Whether or not you believe Jesus was born in a manger in Bethlehem, a vacation to the Holy Land isn’t complete without a visit to this ancient city just outside Jerusalem.
The earliest known reference to Bethlehem is in the Amarna Letters, which date back to 1,400 B.C. Despite the fact that its modern name means "House of Bread" in Hebrew and "House of Meat" in Arabic, scholars believe the place actually gets its name from Lachmo, the Akkadian god of fertility. This is one reason why it is believed to be the city of Ephrata mentioned in the Bible, since Ephrata literally means “he who fertilizes” in Hebrew.
The town has been conquered and re-conquered for millennia. Nowadays it is under control of the Palestinian Authority. Foreign passport-holders are allowed to cross in, but if you carry an Israeli passport, do so at your own risk: Despite the fact that many Israelis continue to enter the so-called "Area A," the law actually prohibits them from doing so.
Two different checkpoints offer access to Bethlehem for travelers coming from Jerusalem. With the security wall, the 10-minute drive actually takes closer to half an hour. If you don't have your own vehicle, you can take a taxi for NIS 180 or a shuttle bus from Damascus gate.
Bethlehem is small enough to be explored in a single day, but hotels here tend to be cheaper than digs in Jerusalem, making an overnight visit a tempting option.
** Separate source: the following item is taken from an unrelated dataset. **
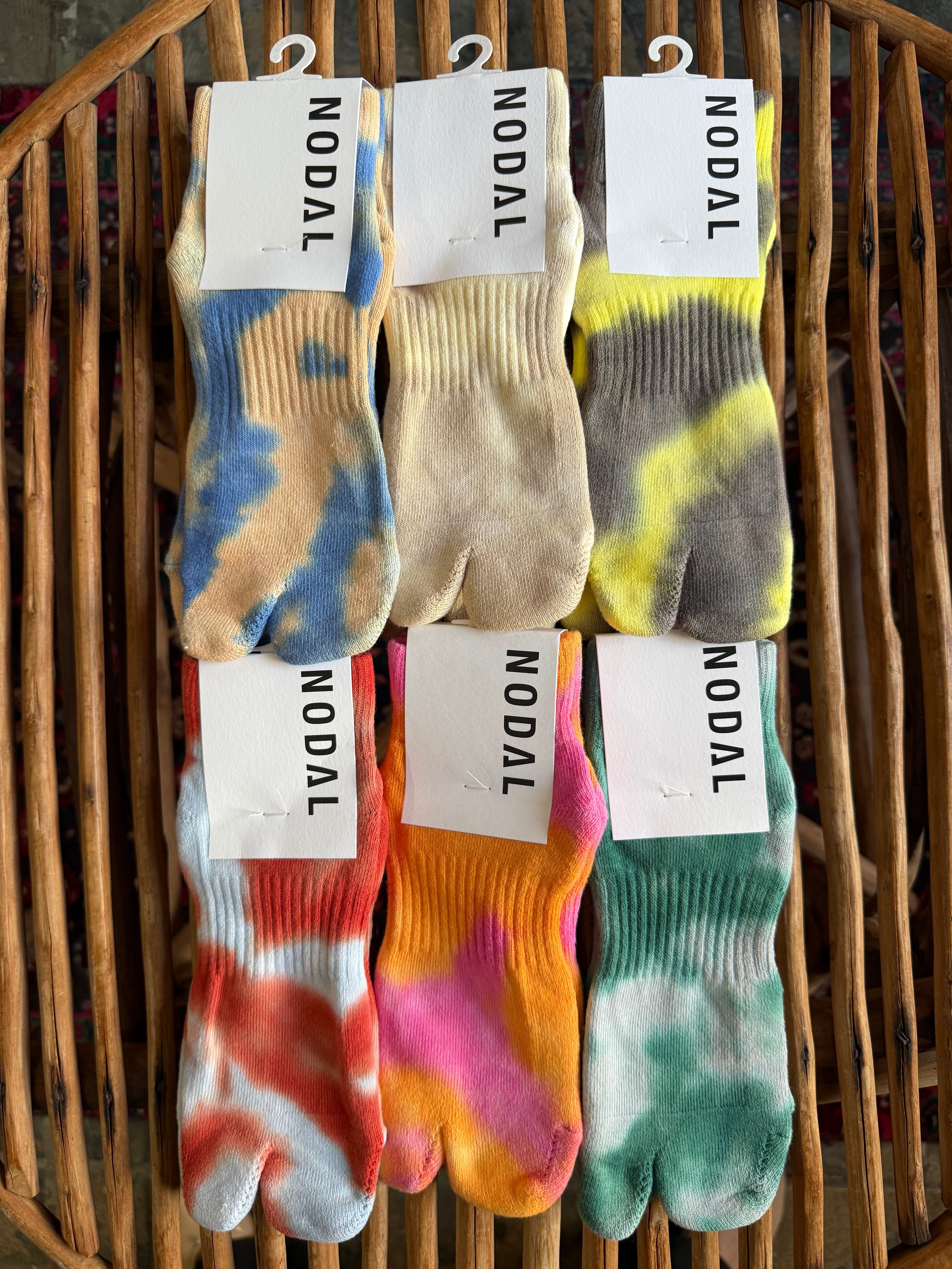 1足ずつ職人の手作業によるタイダイ染めを施しています。

The old city is small but packed with marvelous churches, an Arab market and plenty of gift shops, but only one mosque. Its focal point is Manger Square, where the famed manger of lore is said to have held the newborn Jesus Christ, according to the Gospel of Luke.
The impressive, Ottoman-period Omar mosque sits on one side of the square. Across the street is the Bethlehem Church of the Nativity. Both are must-sees and visitors can hook up with regular tours if they prefer a guided explanation to these holy historical sites.
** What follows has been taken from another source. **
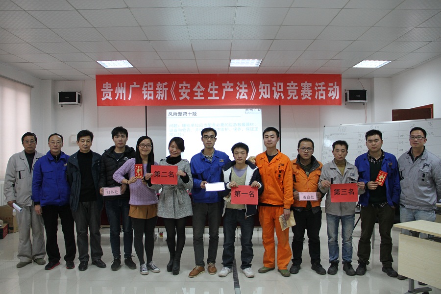 為深入宣傳貫徹國家頒布的新《安全生產法》,增強廣大員工紅線意識,促進企業安全生產,2014年12月24日下午14:00時,貴州鋁業公司黨支部、工會、安環處共同組織開展了新《安全生產法》知識競賽活動。此次活動在貴州鋁業公司綜合辦公樓五樓黨員活動室舉行,公司總經理、工會主席、安環處處長、財務處長等領導到場觀看了比賽。

About 20 minutes by foot from Manger Street is the massive security wall, which abuts the city limits. It has looming Israeli pillbox guard towers watching over the streets below, but the wall itself is a large open museum of street art. Take some time to look over the fantastically varied graffiti here, which ranges from ugly, crudely-painted slogans to superb, sophisticated political murals. Evocative, stirring pieces from the famed street artist Bansky are a particular highlight.
Bethlehem is a small, safe city, known to be a tourist-friendly haven in an otherwise fraught region. If you're interested in combining your tour there with a deeper exploration of Palestinian life under political control, there are several organizations that offer guided tours of the borderlands of Bethlehem, focusing on human rights violations and day-to-day struggles of Palestinian West Bank residents.
Regardless of whether you stay in Bethlehem or venture beyond, remember that despite the fact that the area is safe and the people are friendly, it's a good idea to refrain from speaking Hebrew or showing Zionist sympathies.
You will need your passport to enter Israel on your way back, so don’t forget it.